Study coauthor Heinz Furrer is pictured holding the largest ichthyosaur vertebrae.

However, heaps of rock layers first appeared around 30 to 40 million years ago as a result of the folding of the Alps, which started 95 million years ago when the African tectonic plate started to push on the European tectonic plate. The fossils were "tectonically deformed," or driven to a rock formation at the summit of a mountain, by the tectonic plate movements.

According to lead study author P. Martin Sander, professor of vertebrate paleontology at the University of Bonn in Germany, "you kind of have to be a mountain goat to access the relevant beds." Inconveniently, they don't appear below 8,000 feet (2,438.4 meters), much above the treeline.

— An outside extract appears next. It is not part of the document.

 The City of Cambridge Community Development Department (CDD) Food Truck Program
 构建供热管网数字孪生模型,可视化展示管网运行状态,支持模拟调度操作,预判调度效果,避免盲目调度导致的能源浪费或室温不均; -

The lack of fossil evidence for these animals, despite the fact that they previously dominated the seas, has left paleontologists puzzled. However, the ichthyosaur fossils have revealed new details about these mysterious, extinct creatures.

One massive tooth

Three distinct ichthyosaurs left behind fossils. The difference between the two was roughly 65 feet (20 meters), while the other was 49 feet (15 meters). The largest ichthyosaur tooth ever discovered, however, is the most intriguing discovery connected to these fossils.

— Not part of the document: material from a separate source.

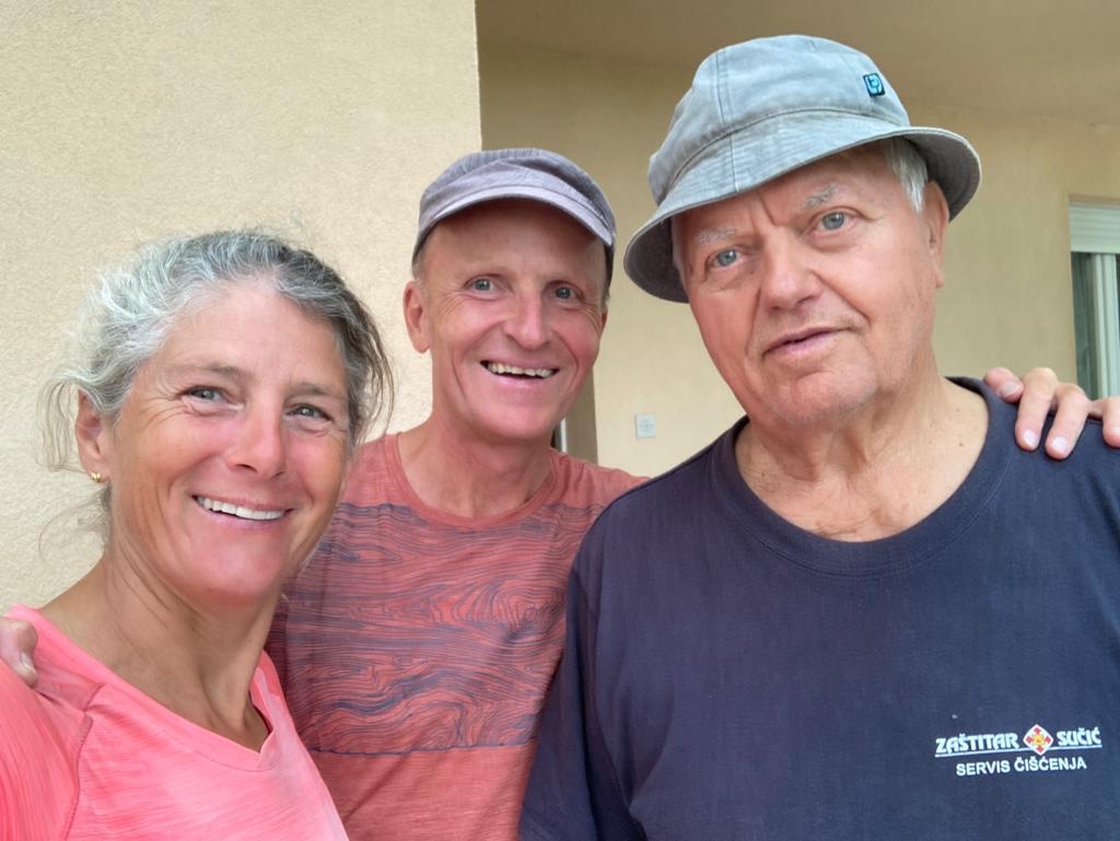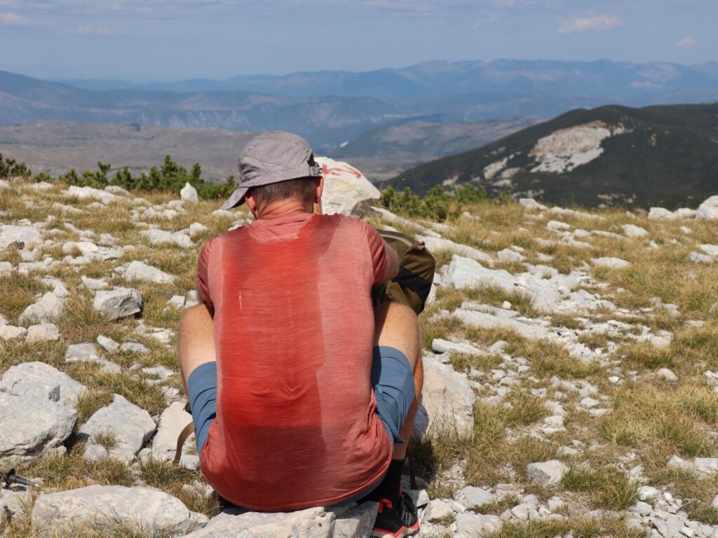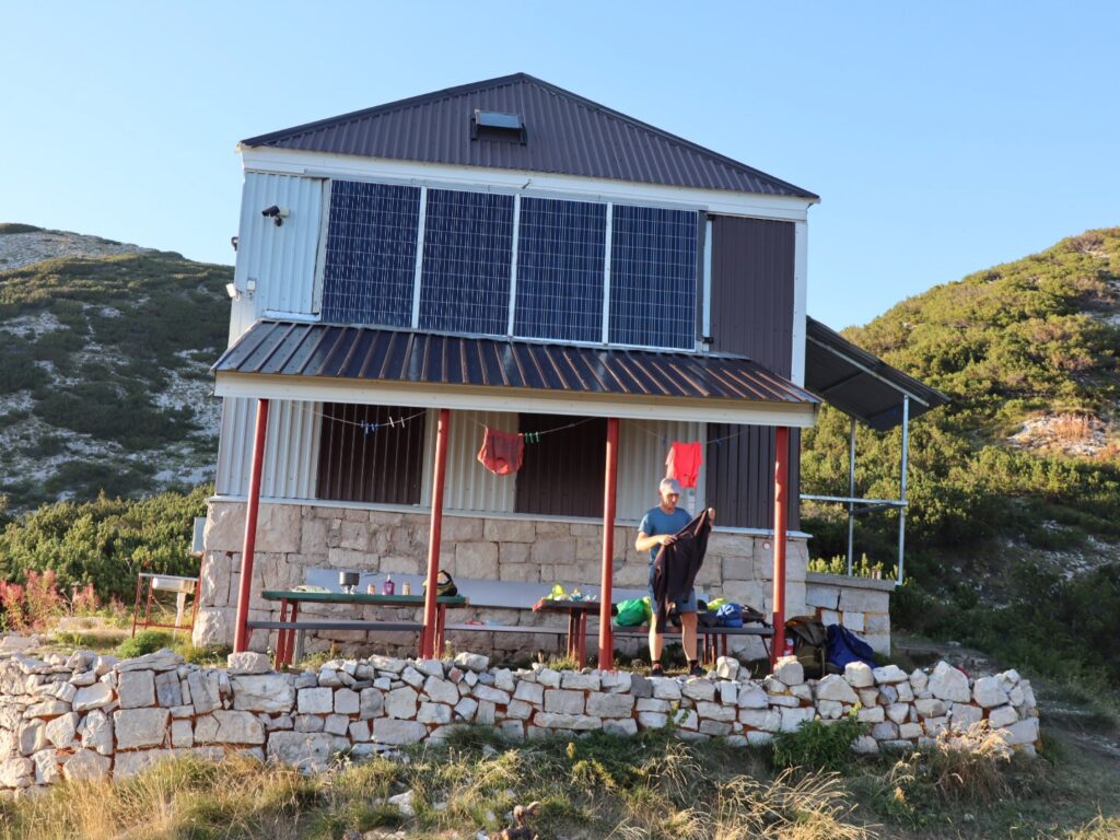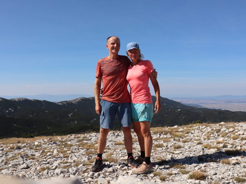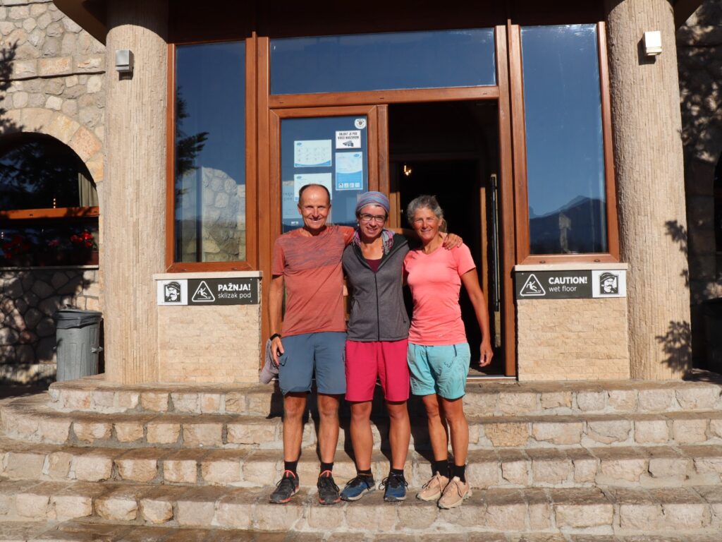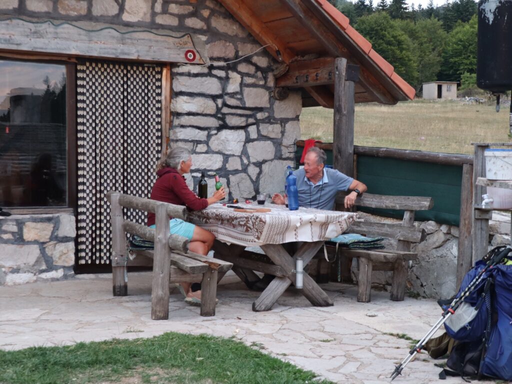 Im steten Auf und Ab bei nochmals sehr heissen Temperaturen kommen wir zünftig ins Schwitzen und unser Wasserverbrauch ist recht hoch. Bei der Alp Omrčenica nach einem ersten Abstieg verbringt noch ein Landwirt den Sommer mit seinen Tieren, da möchten wir nach Wasser fragen. Aber niemand ist zu sehen. Dafür treffen wir auf Stipe, bereits im letzten Jahr sind wir von seiner Lebenspartnerin Vesna herzlich bewirtet worden. Gut haben wir einen Pausentag eingelegt, denn bis gestern waren sie in Kroatien im Urlaub.

The largest specimen from an ichthyosaur with a full skull to date was 20 millimeters and came from a creature that was over 18 meters (59 feet) long, according to Sander. "This is huge by ichthyosaur standards: Its root was 60 millimeters in diameter," he said.

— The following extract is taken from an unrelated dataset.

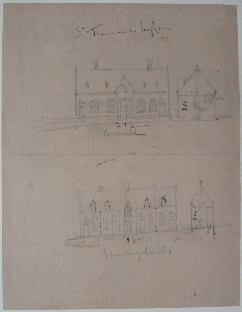 Aanzichten van de St. Franciscus hofjes vanaf Kerkveld en binnenplaats, kz. twee plattegronden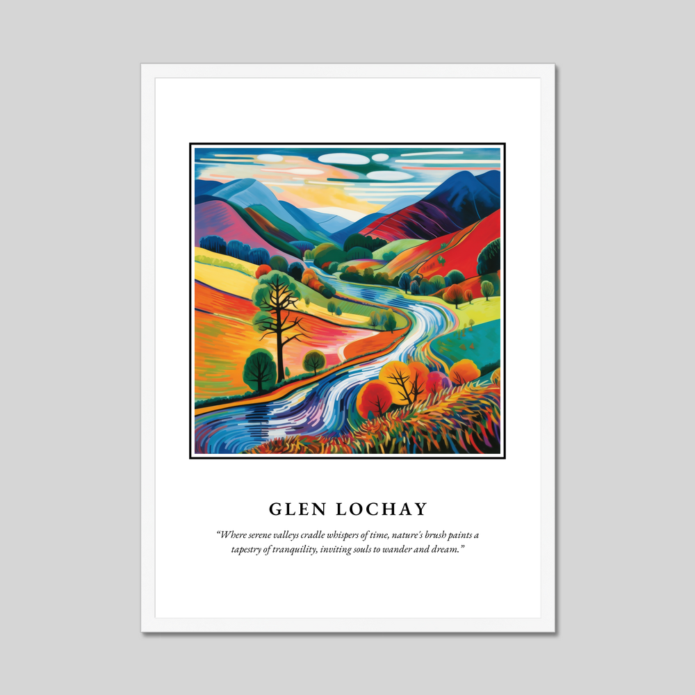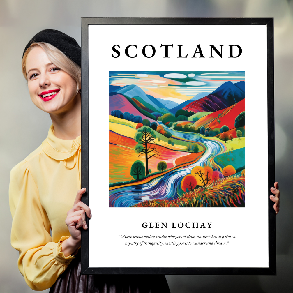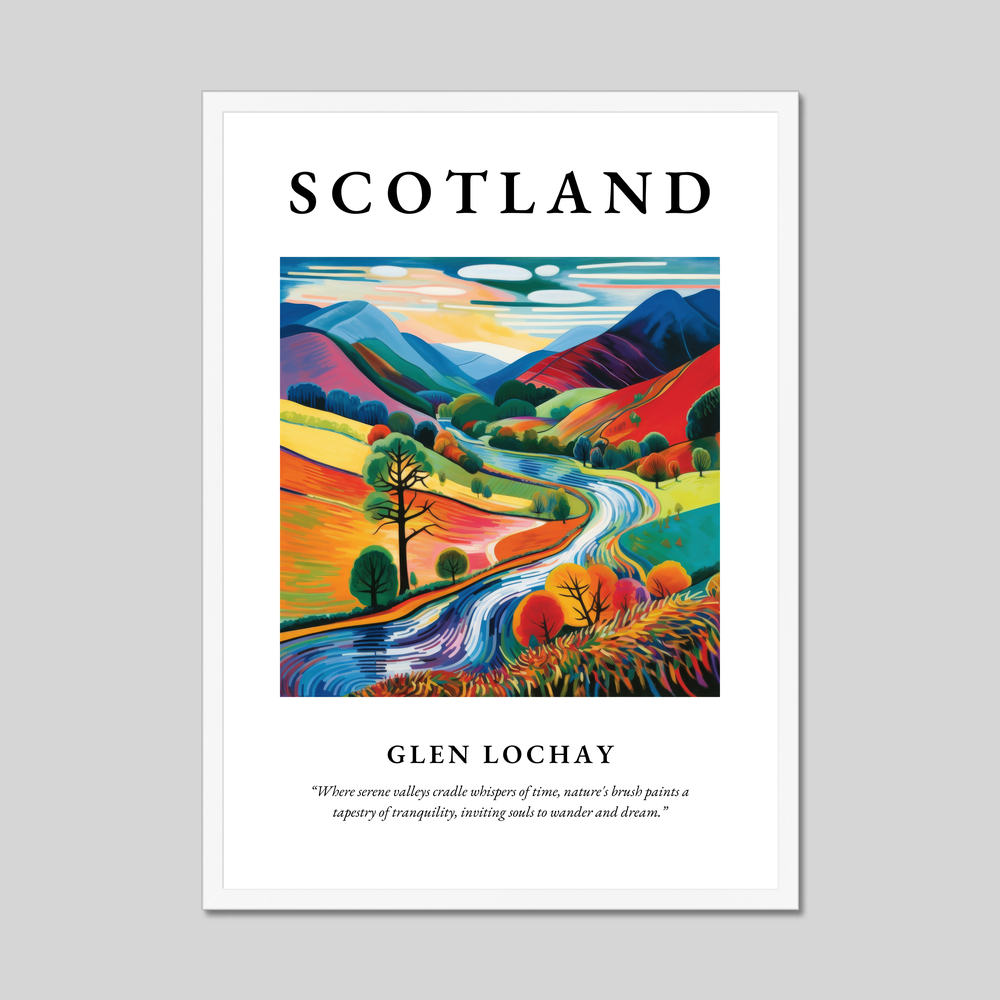 At the top of the print, the word "SCOTLAND" stands proudly in big, bold lettering, drawing immediate attention and evoking a sense of cultural pride. Below, the vibrant Pop Art depiction of Glen Lochay bursts with vivid colours and dynamic lines, capturing the essence of this serene valley. The painting portrays the lush valleys and winding streams in a palette that’s both eye-catching and thought-provoking, making it a perfect piece for art lovers who appreciate the Pop Art movement's flair and vibrancy. Underneath the stunning painting, a poetic quote reads, "Where serene valleys cradle whispers of time, nature's brush paints a tapestry of tranquillity, inviting souls to wander and dream," inviting you to explore and reflect on this breathtaking landscape.

Although most of the larger ichthyosaurs were toothless, scientists believe they fed on cephalopods like squid by suction. Scientists are aware that smaller ichthyosaurs had teeth.

Using their teeth to ensnare prey like gigantic squid, huge ichthyosaurs with teeth were probably similar to sperm whales and killer whales of the present.

The tooth, however, poses a problem because the crown was broken off. Because of distinctive characteristics, such as the infolding of dentin in the tooth root, experts are certain that the tooth belongs to an ichthyosaur, although they cannot be certain that the tooth's size corresponds to the animal's size.

The blue whale, which weighs 150 tons and may grow to 98 feet (30 meters) in length, doesn't have any teeth since, in their opinion, being large and being a predator (with teeth) don't align. Instead, it removes microscopic aquatic organisms through filtration.

Sperm whales, which can grow to be 65 feet (20 meters) long and weigh 50 tons, hunt.

Therefore, Sander concluded, "marine predators probably can't get much bigger than a sperm whale."

Giants in the mountains

The fossils were initially found during the 1976–1990 geological mapping of the Alps. Furrer recalls holding the fossils in his hand as a doctorate student at the University of Zurich. Furrer was a member of the original team that extracted the fossils from the rocks known as the Kössen Formation.

The fossils were virtually forgotten throughout time.

But recently, more ichthyosaur fossils been surfaced, according to Furrer. Therefore, it appeared worthwhile to us to also conduct a more thorough analysis of the Swiss discoveries.

Although ichthyosaur fossils have been discovered all over the world, North America has produced the majority of the large species' remains. The range of these specimens is widened by their discovery in contemporary Switzerland.

Some of them may grow to be as big as blue whales, the biggest animals on earth, according to earlier evidence.

"In Nevada, we see the beginnings of true giants, and in the Alps, the end," Sander added. "Only the medium-to-large-sized dolphin - and orca-like forms survived into the Jurassic (Period)," which lasted from 145 to 201 million years ago.

Sander ponders whether there are still "giant sea creatures hidden beneath the glaciers." But these remains close an information gap about these enormous marine lizards.

The fact that we know so little about these enormous ichthyosaurs despite the exceptional size of their bones amounts to a tremendous embarrassment for paleontology, according to Sander. "We anticipate meeting this challenge and locating new, superior fossils soon."